I'm looking for any advice in moving nerite snails from point A to B on trips that last up to half a day, or even a day. I'm looking for temp, air, water levels, food, space size, can there be a bunch in one container?, are they susceptible to ammonia like plecos?, etc. Thanks for any info you can give me!


----------



## VivianKJean (Aug 20, 2013)

I kept a nerite in a .5 gallon container for a week doing daily water changes. But that was only one. It was not heated.

Yes ammonia matters to nerites so you do want to keep the ammonia levels as low as possible.


----------



## ao (Feb 29, 2012)

If you're just moving him/her from point A to B you can keep him in a water-less airtight bag with a piece of moist paper towel. This will be much better than traveling with one in a bag if water.


----------



## Aqua Aurora (Oct 4, 2013)

For half a day just bag 'em up.

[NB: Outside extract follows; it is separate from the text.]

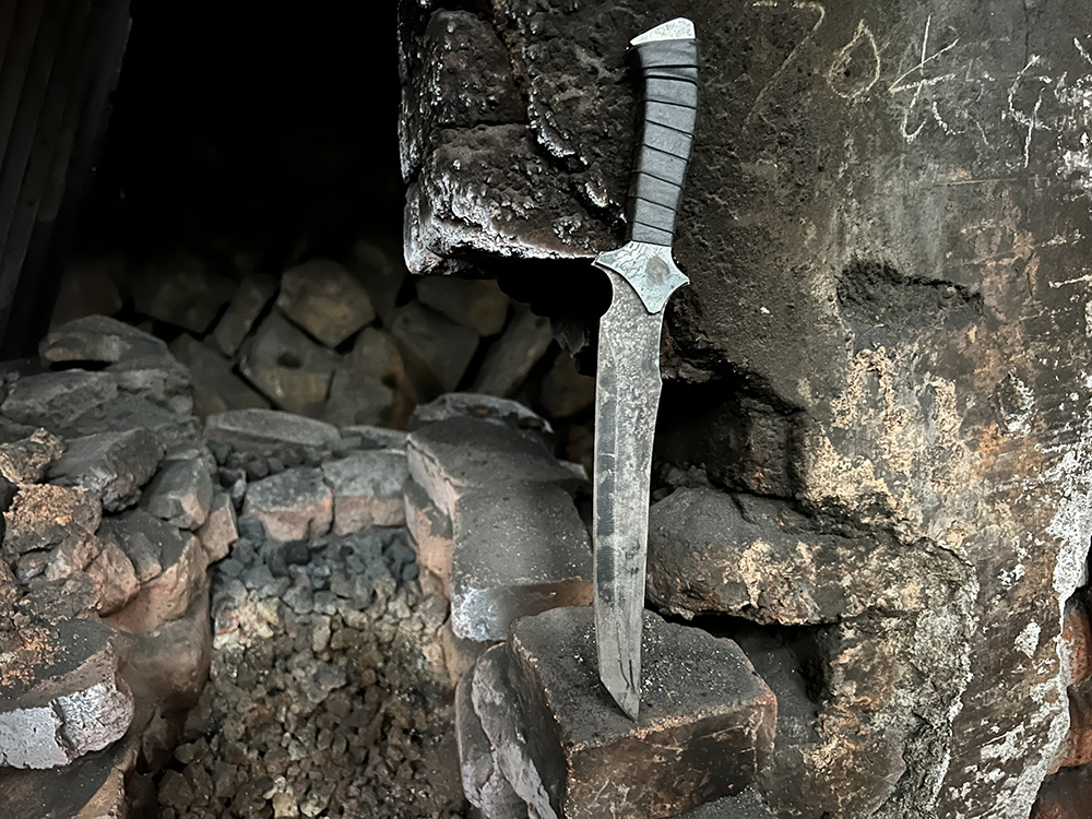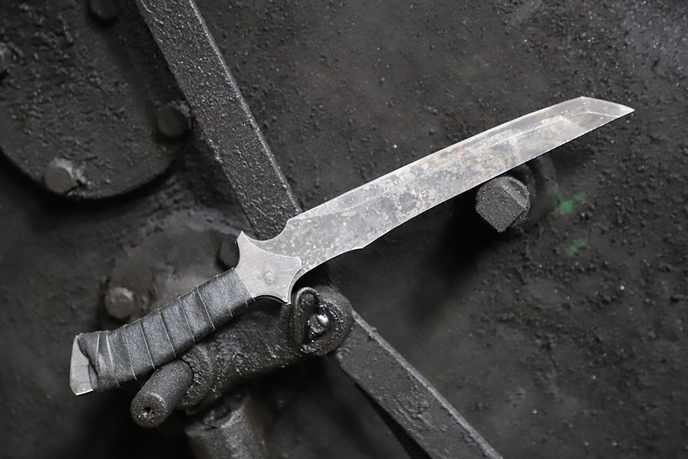 【规格】 全长:35cm, 刃长20.5cm ,刃厚0.5cm ,柄长11.5cm ,刃宽0.33cm ,鞘长26.5cm,含鞘0.54kg ,净重0.47kg,65Mn钢手工打造,古法热处理,仿皮绳,仿皮套 其他事项: 手工产品,重量尺寸稍有误差,请以实物为准

Put in some tank water, maybe 2-2.5" of the bag to be filled (but does not need that much), place nerite in. Dose Seachme Prime to bind ammonia. Either tightly knot or rubber band the bag shut. It paranoid double bag. Keep somewhere it won't feel huge temp swings. An insulated tote, cooler, or Styrofoam box will provide stable temperature. If thats not an option just try not to leave it out in the heat/direct sunlight nor put it by an ac vent where it gets blasted with cold air. 
Nerites can actually live out of water for a time, they just close up their shells and hang out 'inside'. As long as its not exposed to extreme sudden temperature change (or crushed by other object(s)) it'll be just fine.


----------



## kitkat67 (Mar 10, 2015)

Thanks guys!


----------



## allied123 (Dec 11, 2014)

I can confirm they can live out of water for a LONG time. >.< My nerite regularly escapes but I usually just leave him because he stays on the lid of the tank then returns in a few hours or a day later. Today however I came home from being gone for a couple days and found my snail completely dried up on the counter (with no water trail or anything, no idea how long he was out of the tank, he was on the lid when I left). I picked him up and poked him inside the shell but he was completely dry and hard. I thought he was dead but decided to give him a shot and stuck him in the tank and within 10 minutes he was maneuvering around again. so you can definitely transport them with no water if you want!


----------



## kitkat67 (Mar 10, 2015)

I found that out! My dad found a snail crawling up the bathroom mirror.


----------



## MeredithNa (Oct 13, 2014)

kitkat67 said:


> I found that out! My dad found a snail crawling up the bathroom mirror.


Hahaha. Where was the tank? (sorry for derailing the thread but I'm really curious)


----------



## kitkat67 (Mar 10, 2015)

It was in the bathroom, but I was still surprised to see him there. Ten minutes prior he was still in the tank!


----------